Sunday, December 6, 2015

Stoicism 201

There is a certain person who is employed at a Private Equity firm who not only believes, but has the gall to voice, that the highest level of humans work in PE and everyone else is necessarily a lower order human being.

The audacity is preposterous, especially given how fallacious the premise is. By definition, people in Private Equity are trying to partake of the success of people who are building a quality product or service and delivering it efficiently to the people who will buy it. The only thing that people in PE are doing is allocating capital on bets that they believe will pay.

It gets worse. Venture Capitalists in the good old days started out by investing money that they had made themselves, by having succeeded in the very game that they were now investing in; i.e. building a product or service that the market needed and was willing to pay for.
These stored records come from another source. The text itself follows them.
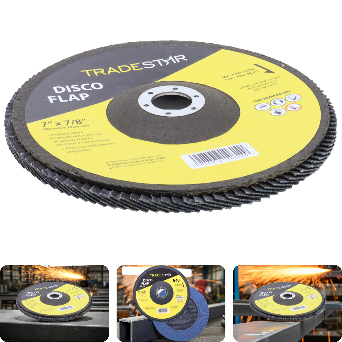 Disco Flap 180 mm G40 Fibra Conico Azul Aço e Inox Tradestar
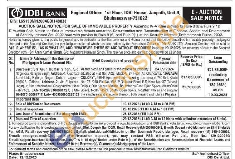 All that piece and parcel of the immovable property, 24.09.2024 situated at Flat No.: A/26, Block-A, 3 Floor, At: Chandama, "JAGASAI - COLONY", 2 BHK Apartment, admeasuring of an area of 750 Sqlt. Khata , No: 771/280, Plot No.: 608, P.O: Jajpur Road, P.S: Koral No.: 37, Tahasil: Dolipur, Dist: Jajpur, Odisha, Bounded by East: Open Space, West: Open Space, North: Road, South: Open Space, together with all and singular the structures and erections thereon, both present and future/Physical
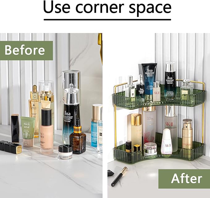 2-Tier Corner Bathroom Counter Organizer – Storage Shelf for Makeup, Perfume & Skincare, Space-Saving Countertop Tray Fits Bathroom, Dresser, Kitchen (Green)
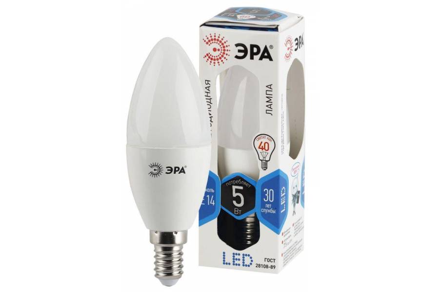 Лампа светодиодная B35-5w-840-E14 свеча 400лм ЭРА Б0018872
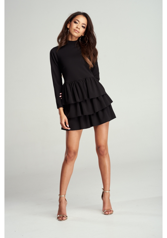 Kelly - Rozkloszowana sukienka z patkami Czarna
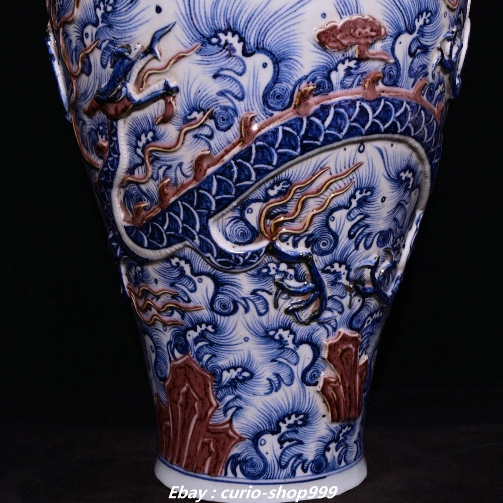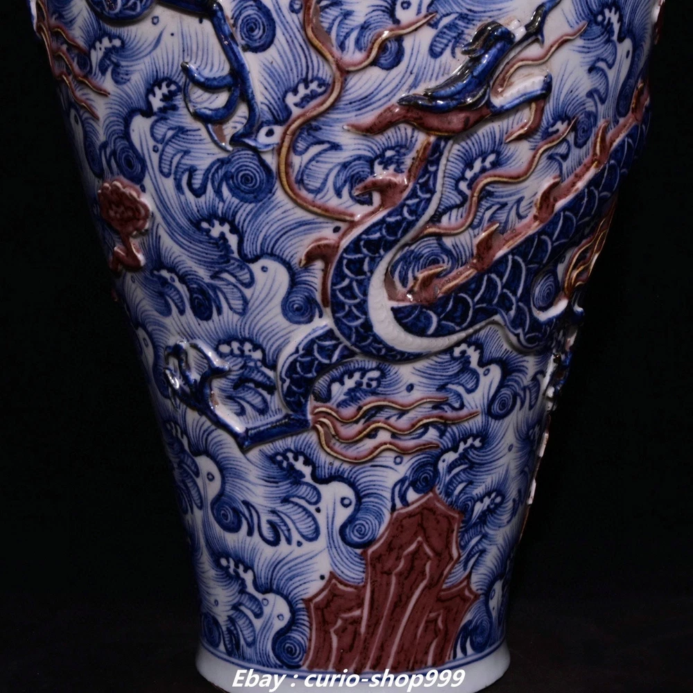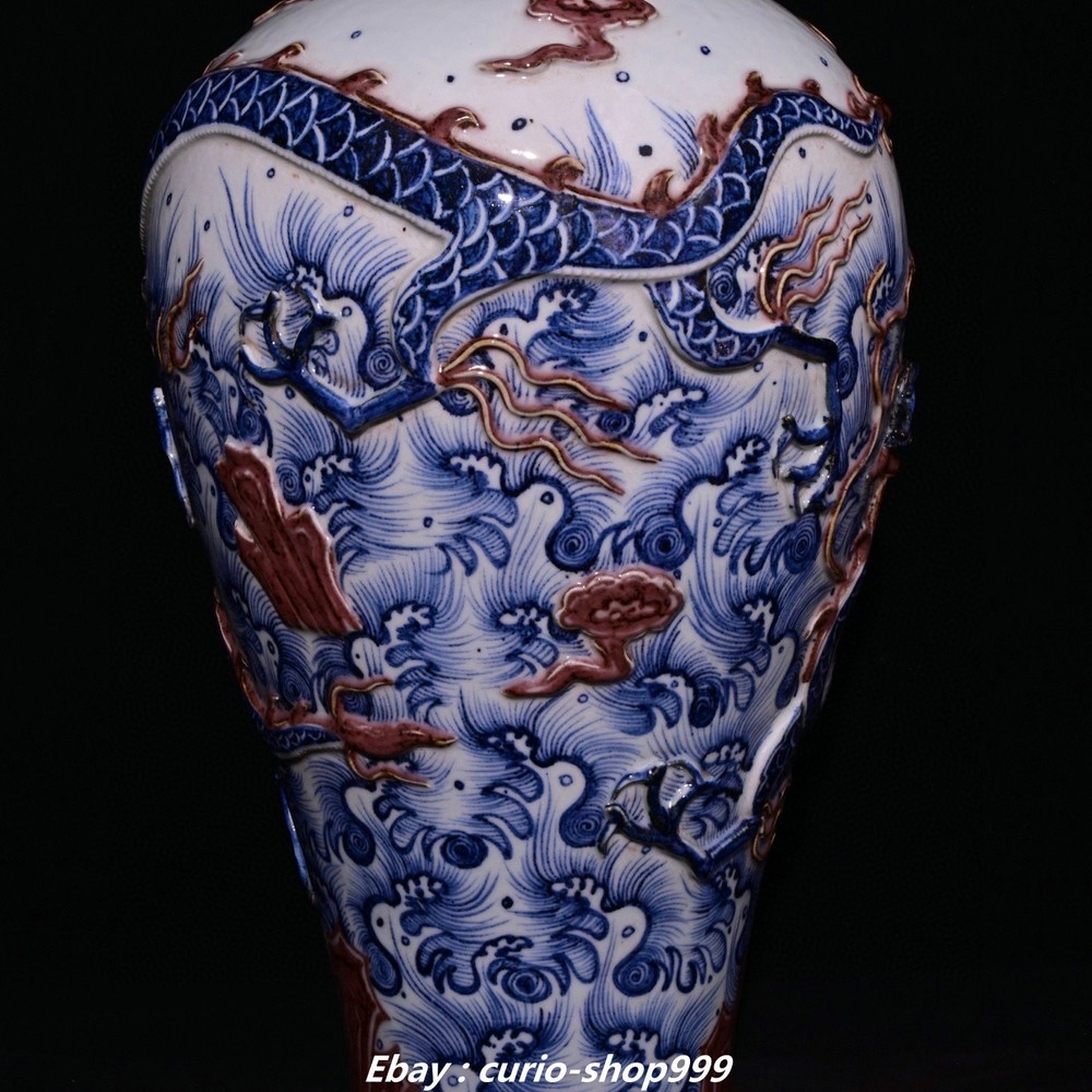 **** Welcome to our antique & Collectable Shop : Porcelain**** Description: Here is 18.9"Yuan Dynasty Blue White Red Glaze Porcelain Dragon Pattern Bottle Vase Pair . It is in good condition, and was created by skilled craftsmen in traditional style with fine handcrafts.This is a great piece of valuablellection, a valuable personal alter or a very good present. the handwork is very fine with incredible detailling. Don't miss out this chance to get it.Wish you good luck! Material : Blue White Red Glaze Porcelain Size: Heigh 18.9 Long 10.2 breadth 10.2 (inch) Condition Perfect Condition. Perfect, with no scratc hes, flaws or repairs. Weight: 15 KG----included the weight of packing materials Shipping cost to all over the world countries in Free Honored Customers: We are selling the collectibles products and crafts in Beijing ,China since 1993 and collected them all over the world all the time . In our shop the bronze sculpture, animal, vase, urn, flowerpot,Incense Burner.Table chair sets. Militaria goods. buddha statues, Bodhisattva Statues, Buddhist Ritual Items etc is our speciality .Many of the items we sell come from our own personal collection and have been in our family for a very long time .My great-grandfather was the first in this family to start collecting art & antiques when he still lived in San Xi and Tibet around 1922 ,some of the paintings he once collected can now be seen in museums around the globe.We won't make money from t he shipping cost, if you dislike the item when you receive it,we can refund all of your money to you within thirty days. Please confidence for bidding . We recommend the combine shipping and offer you an big price discount if you order more items together ! 2025.7.23 四 号

They had sold their company to a larger corporation and were now trying to deploy their money, and perhaps experience, across a wider set of opportunities.
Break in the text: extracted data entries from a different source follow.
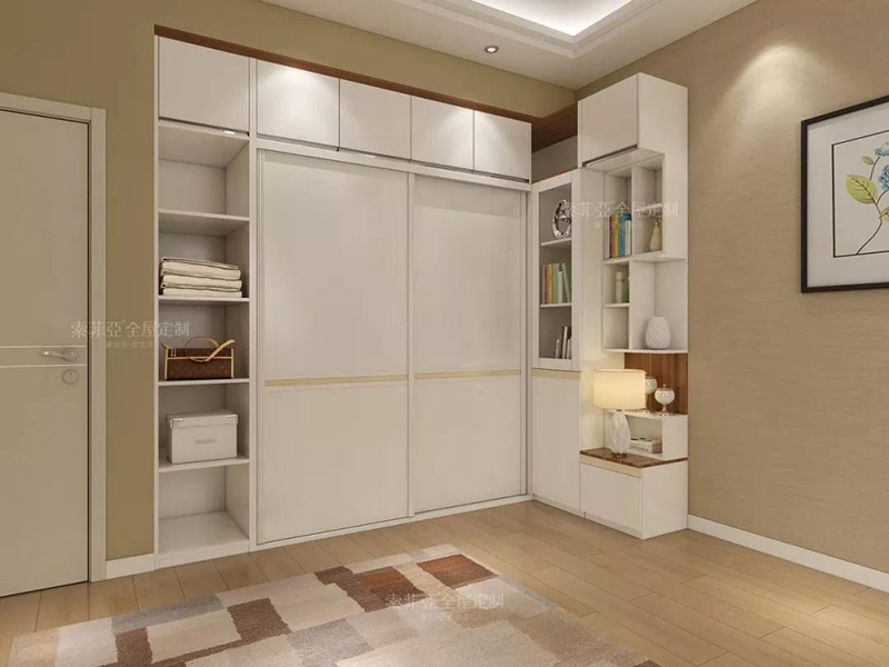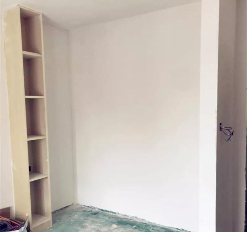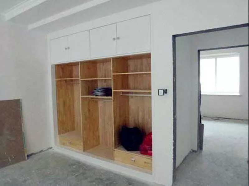 在衣櫃的邊上砌墻或者用石膏板造一面假墻,這樣從視覺上就好像把櫃子做成嵌入的效果。
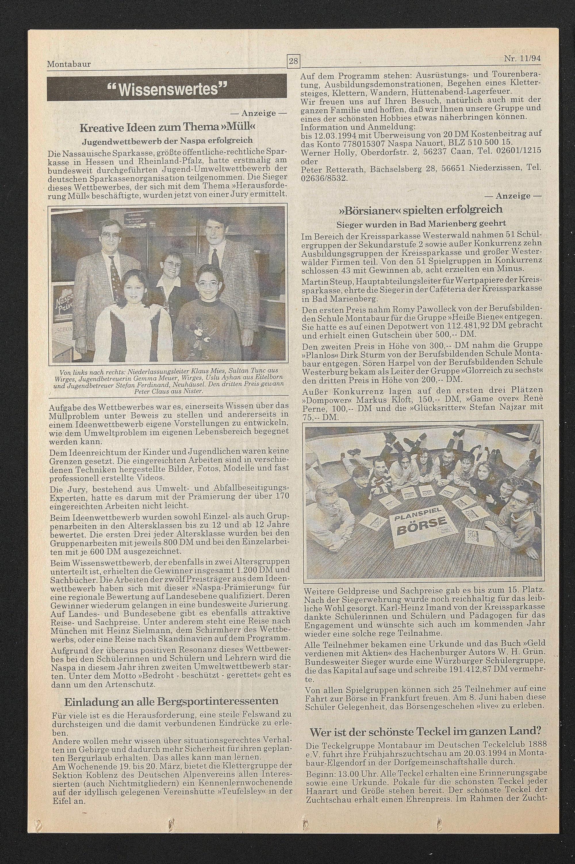 Die Nassauische Sparkasse, größte öffentliche-rechtliche Sparkasse in Hessen und Rheinland-Pfalz, hatte erstmalig am bundesweit durchgeführten Jugend-Umweltwettbewerb der deutschen Sparkassenorganisation teilgenommen. Die Sieger dieses Wettbewerbes, der sich mit dem Thema »Herausforderung Müll« beschäftigte, wurden jetzt von einer Jüry ermittelt.
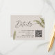 Partagez toutes vos informations importantes avec style grâce à cette élégante carte de détails de mariage botanique, présentant une verdure de fougère peinte à la main sur un fond taupe chaud doux. La mise en page minimaliste avec un script moderne offre un look propre et intemporel - parfait pour les mariages botaniques, bohémiens ou rustiques chic. Inclut un espace pour votre site web de mariage, lien RSVP ou code QR, le rendant à la fois beau et fonctionnel.
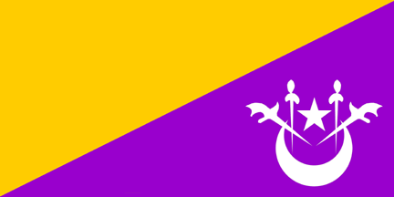 Diagonally divided flag, yellow upper hoist and purple bottom fly, arms centred on the bottom fly.
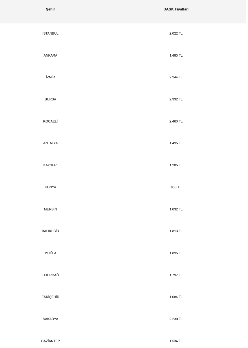 Tablodaki fiyatlar yaklaşık olup yapı türü ve bina yaşı gibi ek faktörler prim tutarını değiştirebilir. Kesin ücret, DASK.gov.tr üzerinden sorgulanmalıdır.

A number of today's PE employees have never really done anything real for a living. Admittedly, they have worked extremely hard through the best Business Schools to build CVs that PE and VC firms would shortlist. But for a living, these people essentially meet a lot of real entrepreneurs so that they can invest money that the founding partner of the VC / PE firm has brought in from other people entrusted to invest that money, who in turn got the money from people who have made it by, guess what, building and delivering a product or service that the market wants and is willing to pay for.

The hubris of someone who in effect lives off the success of others, to believe and to voice an opinion that suggests that the best people work in VC / PE and that others are a lower class of human beings is nothing short of atrocious.

And finally, here is where the title of this piece comes in. These people would do well to realize that they have a high paying job at the pleasure of the founder of the VC / PE fund founder, and that if they should lose this job at the whim of their boss, they would be pretty much unemployable anywhere else.  They would do even better to accept their good fortune with grace and gratitude and start building a real life skill in preparation for the day when they will lose their job.